WASHINGTON — Twenty years after the fall of the Iron Curtain, a sharp generational schism has formed in how people in Europe’s former communist countries view the shift to democracy and capitalism, a survey has found.
People who were born shortly before or after the Berlin Wall disappeared were markedly more approving of the move to a multiparty political system and a market economy than older generations.
The survey conducted by The Pew Global Attitudes Project mirrored one carried out in 1991.
The new poll revealed an overall slip in approval of democracy and capitalism among most countries surveyed, with some countries like Bulgaria and Ukraine dropping sharply.
Despite the slip in approval, many more people surveyed in the latest poll expressed satisfaction with their lives than those asked in 1991.
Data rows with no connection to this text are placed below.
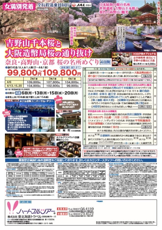 女満別空港発着、吉野山千本桜と大阪造幣局桜など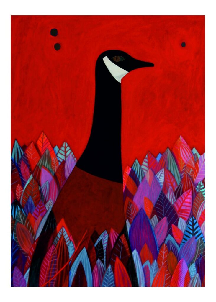 zwierzęcymi głowami, rącze rumaki; są wstęgi rzek, strumieni, ścieżek i dróg – nie wiadomo gdzie się zaczynających i dokąd biegnących. Sylwetki i elementy świata przedstawionego nierzadko pokrywa roślinny ornament. Delikatne listki i wiotkie łodygi podkreślają płynność konturu i decydują o dość graficznym charakterze wykorzystanego w tych ilustracjach akrylowego malarstwa. Podobne w stylu są wizerunki Pegaza, bernikli czy ciszy – prace malarskie prezentowane na wystawie. Sprawiają wrażenie, jakby czekały na swoją książkę, a może ona już nawet istnieje w zaświecie Jaworowskiej-Duchlińskiej… Gdzieś obok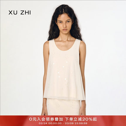 XUZHI2025春系列新品立体钉珠装饰小众设计感垂感背心半裙套装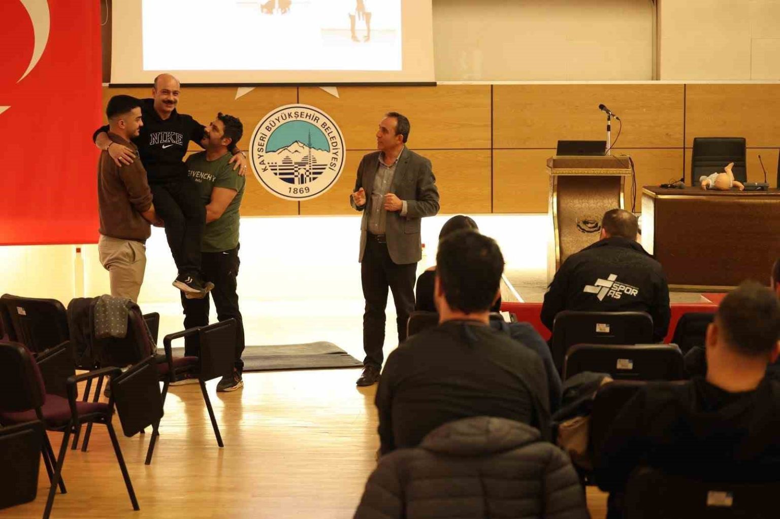 Altın Bayrak Ödüllü Avrupa Spor Şehri unvanına sahip ve Dünya Spor Başkenti adayı Kayseri’de, Büyükşehir Belediye Başkanı Dr. Memduh Büyükkılıç’ın spor ve sporcuya tam destek vizyonu doğrultusunda faaliyetlerini sürdüren Kayseri Büyükşehir Belediyesi Spor A.Ş., personeline yönelik nitelikli eğitimlerini sürdürüyor. Bu çerçevede Spor A.Ş. tesislerinde görev yapan personele yönelik ilk yardım eğitimi düzenlendi. Eğitimde, acil durumlarda hızlı ve doğru müdahale yöntemleri, temel yaşam desteği, boğulma, kanama ve yaralanmalarda ilk müdahale gibi hayati bilgiler detaylı bir şekilde aktarılırken katılımcıların, teorik bilgilerin yanı sıra uygulamalı eğitimlerle desteklendiği program, saha güvenliği ve acil durum yönetimi konusunda önemli bir farkındalık oluşturdu.

In Poland, for instance, 44 percent said they were satisfied this year, compared with 12 percent in 1991. In other countries the change was less marked. In Bulgaria and Hungary, just 15 percent of people polled this year said they were satisfied, compared with 4 percent and 8 percent, respectively, in 1991.
Paradoxically, a majority of respondents in many countries that reflected this boost in satisfaction also said that people were worse off than under communism. In Ukraine 62 percent of those polled judged their people worse off. In Russia, 45 percent said people were worse off versus 33 percent who said they were better.
Only in the Czech Republic and Poland did a majority of respondents say the people were better off since the transition from communism.
Most of the countries polled revealed small differences in 1991 between generations in respondents’ satisfaction with life. For instance, 13 percent of Poles aged 18 to 29 in 1991 said they were satisfied with life versus 15 percent of those over 65.
By 2009, polls of most countries showed a split between the generations. Half of young Poles in the new survey said they were satisfied, versus only 29 percent of those over 65.
A similar generational gap was reflected in attitudes toward the shift from communism to capitalism and democracy. For instance, more than 60 percent of Russians aged 18 to 29 said they approved of the change to a multiparty system and to a market economy, while only 27 percent of those older than 60 approved of the shifts. A generational gap was reflected in all eight other countries polled.
The survey found a divergence among countries in how respondents view democratic principles. For instance, nearly two-thirds of Hungarians said freedom of speech was very important versus 37 percent of Russians. More than 60 percent of Bulgarians said honest elections were important, but only 39 percent of Lithuanians did.
The polls appear to illustrate a rise in nationalism in Russia. While only 26 percent of respondents in 1991 said Russia should be for Russians, 54 percent said the same in the recent poll. The two polls also saw a 10 percentage point rise to 47 percent of respondents who said it is natural for Russia to have an empire. Fifty-eight percent of Russians in the new poll agreed that it is a great misfortune that the Soviet Union no longer exists.
In other former communist countries, views on Russia’s current influence varied. Forty-six percent of Ukrainians and 45 percent of Bulgarians viewed Russian influence as good, compared with 18 percent in Poland and 15 percent in Hungary.
The latest survey was conducted Aug. 27 to Sept. 24 among 14,760 respondents in 14 countries, including Germany and 8 ex-communist countries in Europe.
The margin of error in the polls conducted in local languages varied between plus or minus 3.5 and 5 percentage points.